# Mirror: E-cigarette smokers 'should have their own room and extra breaks at work



## Alex (19/7/16)

*E-cigarette smokers 'should have their own room and extra breaks at work' according to Government advice *

18:19, 18 Jul 2016
Updated 10:32, 19 Jul 2016
By Mirror.co.uk
*Public Health England are urging bosses to make allowances for vapers in an attempt to encourage workers to give up traditional cigarettes*





*The Government are encouraging bosses to take up the 'more convenient option' *
Bosses have been told to set aside a room to allow staff to puff e-cigarettes at work and give them extra break times for their habit.

New official advice urges employers to make the vaping devices a “more convenient option” - to encourage workers to give up traditional cigarettes, which are far more harmful.

Workers should not be forced to vape outdoors - in places set aside for regular smokers - because this will “undermine their ability to quit smoking”, the advice says.

And, because e-cigarettes deliver a smaller nicotine hit, users should be allowed extra breaks for the “frequent interim top-ups” they need.

Companies are also told to make clear that vaping is not smoking - the guidance reads: “To avoid confusion, do not use smoking terminology when referring to e-cigarettes.”





*Public Health England are keen to emphasise the difference between vaping and smoking*
The new guidelines have been issued by the Government watchdog Public Health England (PHE).

Professor Kevin Fenton, National Director of health and wellbeing at PHE, said: “The evidence is clear that vaping is much less harmful than smoking and that e-cigarettes are helping many smokers to quit.

“This new framework will encourage organisations to consider both the benefits and the risks when developing their own policies on e-cigarettes.

“Different approaches will be appropriate in different places, but policies should take account of the evidence and clearly distinguish vaping from smoking.”

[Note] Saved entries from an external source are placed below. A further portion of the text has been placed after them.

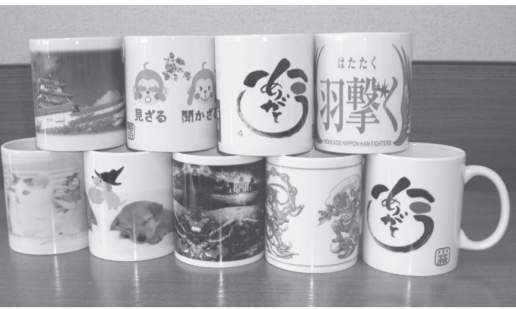
力作が揃いました。「市民文化祭があったらなあ」と皆さんが言っていました。

「先生、来年は、どのようなものを考えていますか」と質問がありましたが、「それは秘密です」とだけしか、答えられませんでした。 昨年より参加された方は、「今年が来るのが待ち遠しかったよ、昨年とは一味違った作品になったでしょ」と、ニコニコ微笑んでいました。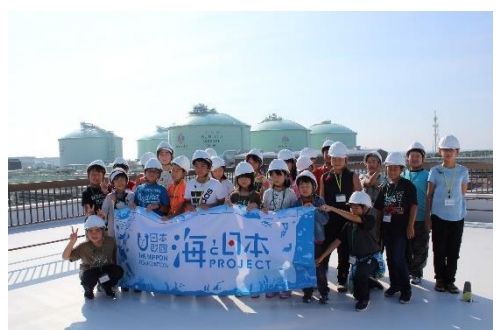
最後はみんなで記念撮影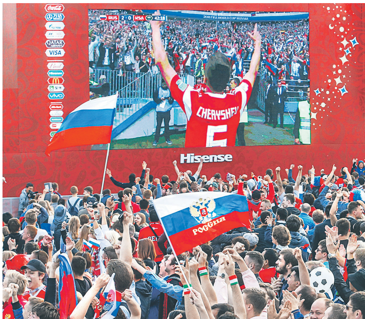
Согласно исследованию, среднее количество зрителей, смотревших матч Россия — Саудовская Аравия не менее одной минуты, составило более 18,4 млн человек

Первый матч домашнего чемпионата мира начался в 17:55 мск, когда в большинстве организаций рабочий день только заканчивался. Поэтому предшествующая матчу краткая церемония открытия чемпионата, которую Mediascope оце-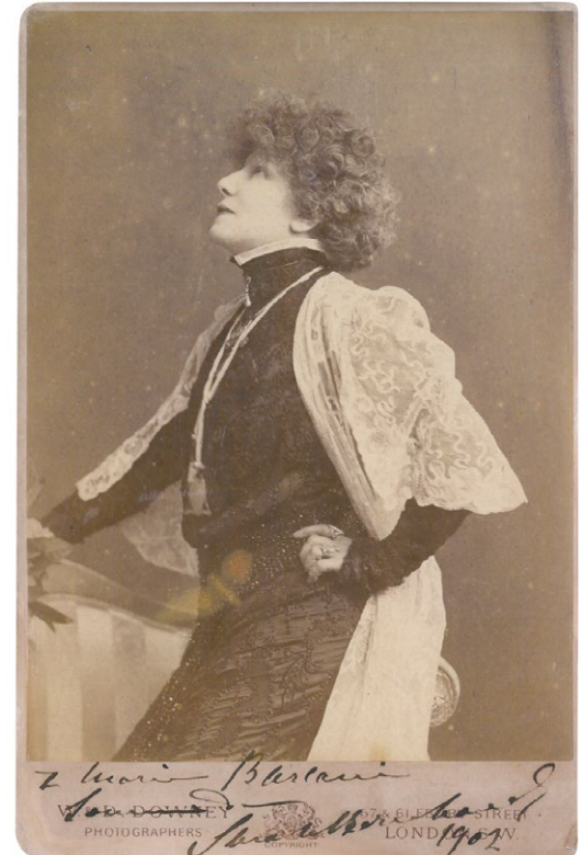
Porträt-Postkarte von Sarah Bernhardt London, 1901 Ehemaliges Jüdisches Museum in Prešov, heute Eigentum der Jüdischen Gemeinde in Prešov

PHE has abandoned the “precautionary principle” towards e-cigarettes after concluding they are around 95 per cent safer than smoking.

It is targeting ill-informed companies which have imposed the same strict rules - normally requiring vapers to go outside - after smoking was banned in all workplaces.






*PHE wants vapers to not 'use the same space' as smokers to help them quit smoking *
The guidance says: “Vapers should not be required to use the same space as smokers, as this could undermine their ability to quit smoking and stay smokefree, particularly among those most heavily addicted.

“To maximise the number of smokers switching to e-cigarettes, vaping should be made a more convenient, as well as safer, option.”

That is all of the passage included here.